The debate -- and the market's gyrations -- are now the stuff of weekend talk shows. On CBS's Sunday morning program Face the Nation, a show generally devoted purely to national policy and politics, Goldman Sachs & Co Inc. strategist Abby Joseph Cohen appeared as a guest and took her bullish message to Main Street.
''We think from these levels, the stock market direction is up over the next few months,'' Cohen said.
''The only way the current level of the stock market makes sense is if indeed we are going into mild recession in the United States,'' she continued, ''and we don't see that this year or next.''
Part of the reason Wall Street is so confident that recession will be averted lies the same place many have looked for an answer to the market's current malaise -- and that is back with Alan Greenspan's Fed.

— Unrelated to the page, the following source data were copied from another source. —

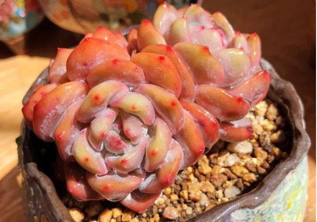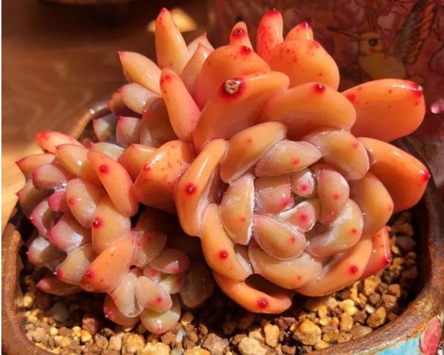 雪天使从不挑盆,不管是素盆,花盆都可以接受,形状也无所谓,圆的方的都没有问题。但是不同于其他的多肉,养护雪天使的时候,建议选个有大盆面的。因为这种多肉的长势非常凶猛,爆发力太强,盆小了施展不开。
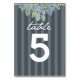 Lovely table number card in soft colour scheme of vintage shades of blue-grey, olive green and dusty purples on a pretty background in a deep grey-blue hue. Original illustration of floral blooms adorn the top front and back of the card with subtle stripe pattern as well. Elegant handwritten look for the fixed text element adds style and grace. Perfect for a spring, summer, outdoor, evening or garden wedding.
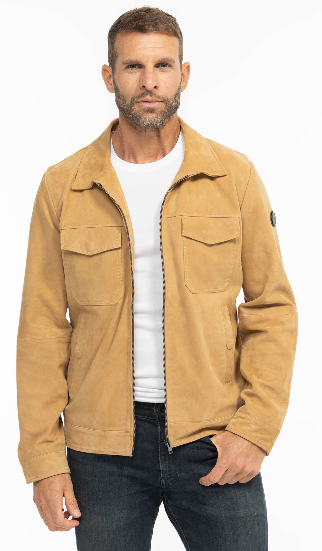 Beige Ziegenwildlederjacke fur Herren. Wir finden einen regulären Schnitt mit einem schicken und vielseitigen, lässigen Look, ideal fur den Fruhling, da er ein leichtes Futter aus Haut (Ruckseite) und Polyester fur den Rest mit 2 Innentaschen (eine mit Verschluss und die andere mit 1 Knopf) hat. Die Jacke verfugt uber einen Hemdkragen, 2 Brusttaschen mit Patte und 2 Druckknopftaschen an der Taille. Am Arm finden Sie ein dekoratives Abzeichen und unten an den Ärmeln einen Manschettenabschluss mit Druck. Die Jacke wird mit einem zentralen Reißverschluss geschlossen. Rechnen Sie bei einer Große M mit einer Korperlänge von 68 cm.
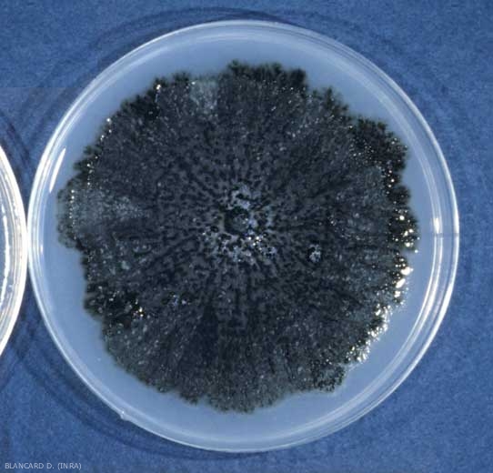 Sur milieu de culture, le champignon forme une colonie mycélienne de couleur noir-verdâtre qui se développe lentement (figures 12 et 13). Les pycnides se forment à la surface de la boite de Petri après 10 à 15 jours, si la colonie est éclairée et bien attachée au substrat. Enfin, ces pycnides sporulent abondamment une semaine plus tard à 20-25°C. On peut parfois aussi obtenir des périthèces in vitro.

Cohen said she believed investors would behave favorably if given an interest rate reduction -- one she compared to a vitamin B-12 shot. She compared the last Fed move, a tightening, to a flu shot.

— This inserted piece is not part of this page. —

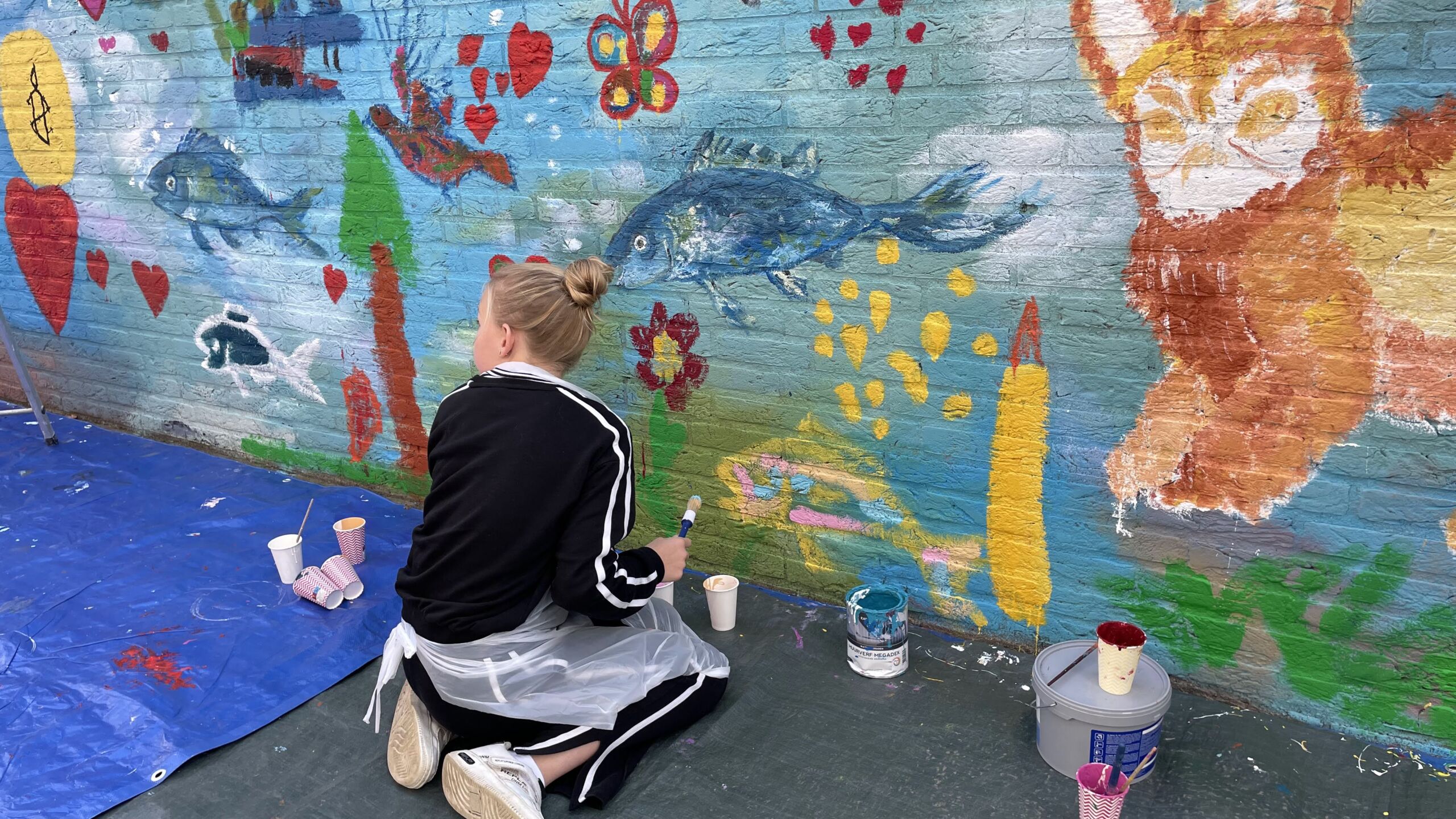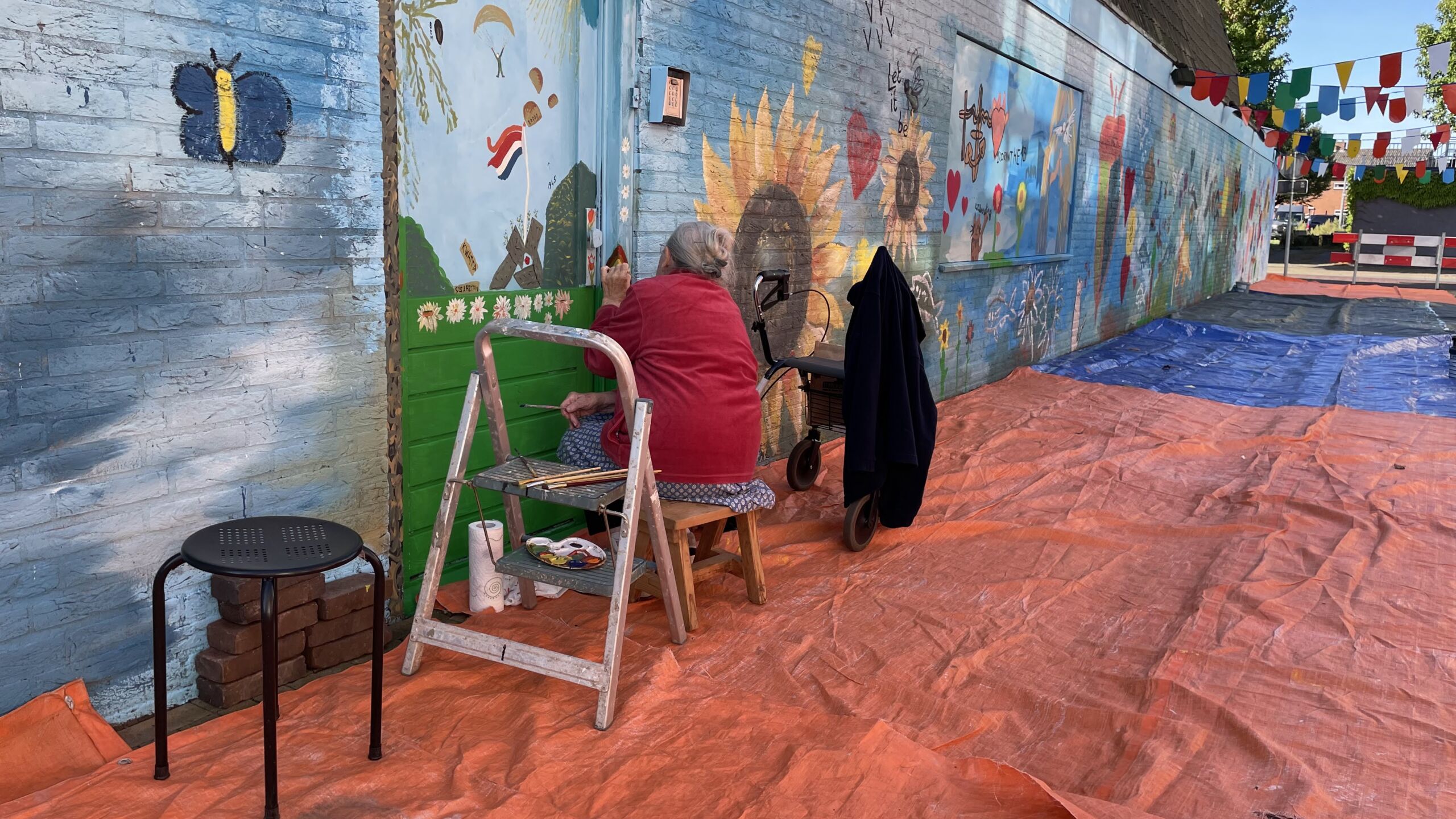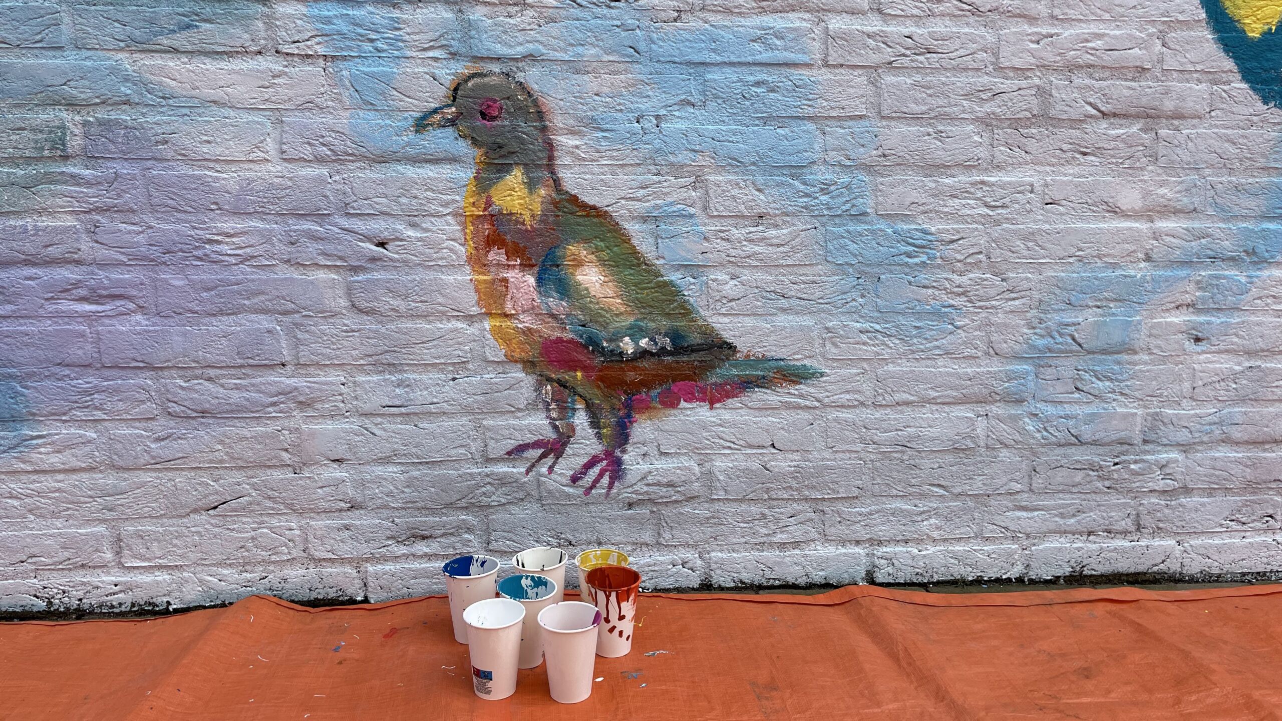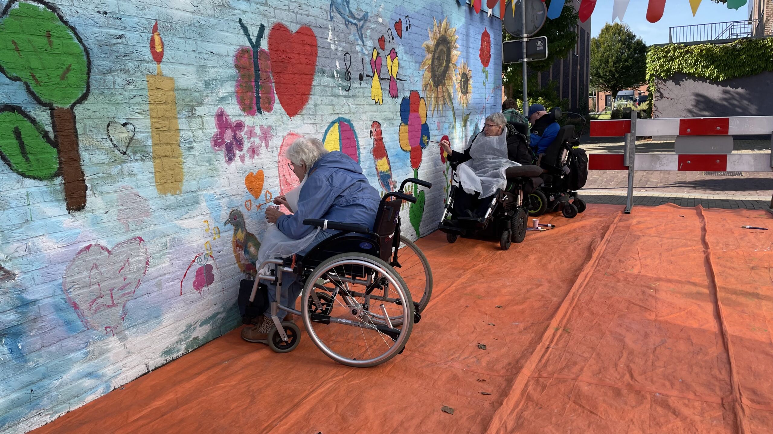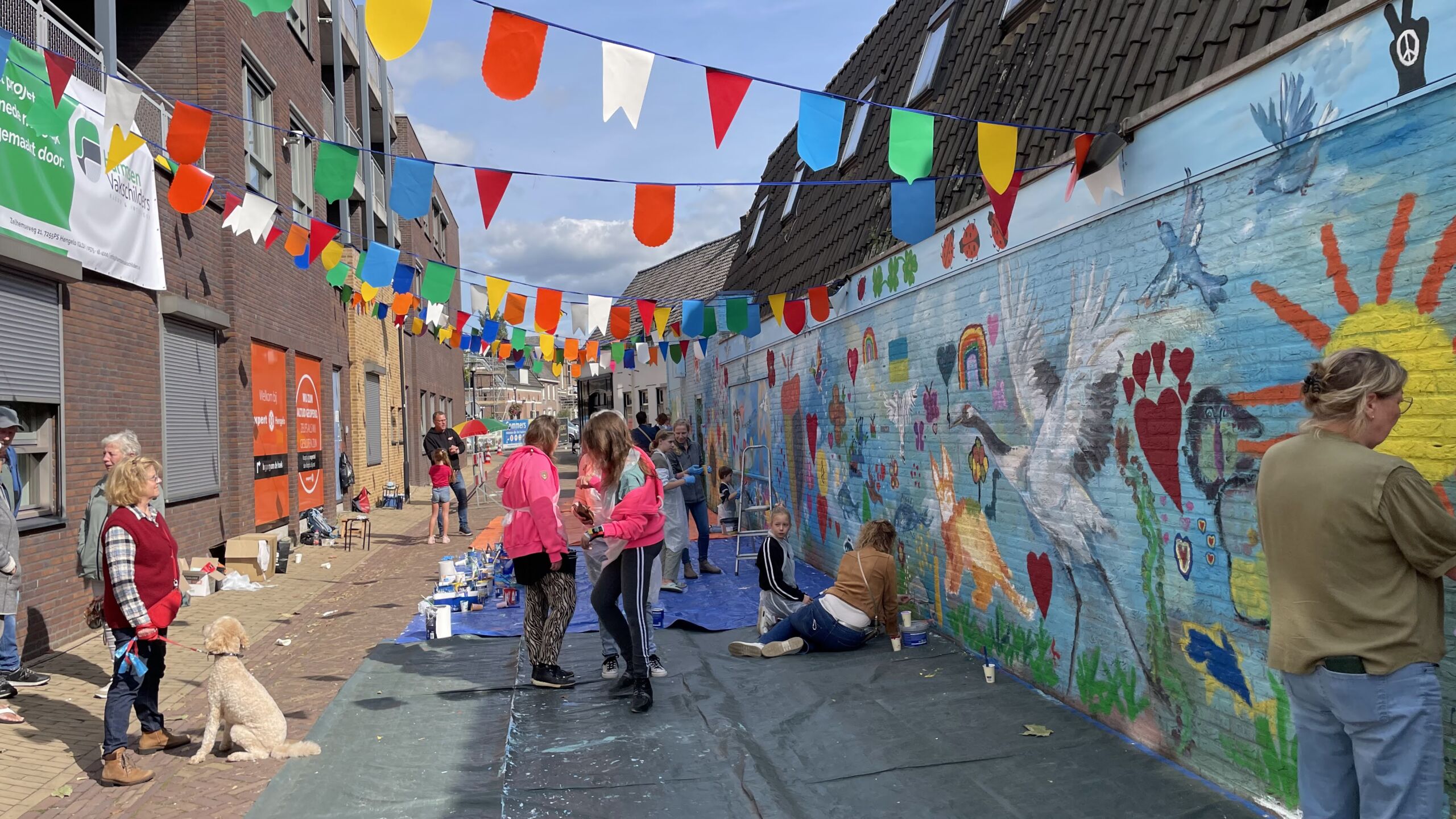 “Als je schildert, ga je uit je hoofd en kom je meer in je hart. Doe je dat samen, dan ontstaan er gesprekken. Ook in deze regio, met best veel verschillende groepen – ook nieuwkomers – is het soms lastig om die verbinding te zoeken met het onbekende. Zo’n muurschildering, samen aan iets werken, dat brengt mensen bij elkaar. Dat merk je hier nu al. Zoveel mensen zijn belangstellend, willen meehelpen of iets voor ons regelen, dat is heel erg mooi.”

Significantly, comments by U.S. Treasury Secretary Robert Rubin and Japanese Finance Minister Kiichi Miyazawa after their meeting in San Francisco last Friday offered little sign the two had made any headway towards finding a way out of Japan's economic quagmire.
Finance ministers from the world's two top economies headed home apparently as frustrated as ever with each other's tactics.
At a news briefing after the meeting, Rubin pointedly declined to be drawn on whether he felt more encouraged now that Japan would finally do what Washington wants it to do.
''The world needs Japan to rise to the economic challenge,'' Rubin said. ''I'd like to hope that the kinds of discussions we've had will move things forward, but ultimately, what's going to matter is what Japan does.''
Just before the talks got under way, a Japanese official insisted Tokyo had already done most of what it should do.
Amid all the talk, Greenspan gave no indication he would move quickly enough to satisfy investors looking for a quick fix to the market.
Indeed, there is cause to believe he welcomed the break in the market's rise. While his speech failed to echo in words the now famous ''irrational exuberance'' utterance, he returned repeatedly to themes like market expectations and risk.
That is unlikely to sit well with those who wished for lower rates immediately, if not yesterday. It may also extend the period during which the market's gymnastics look less like the high-flying Olympic vaults of recent years than a new, more cautious style reminiscent of the balance beam.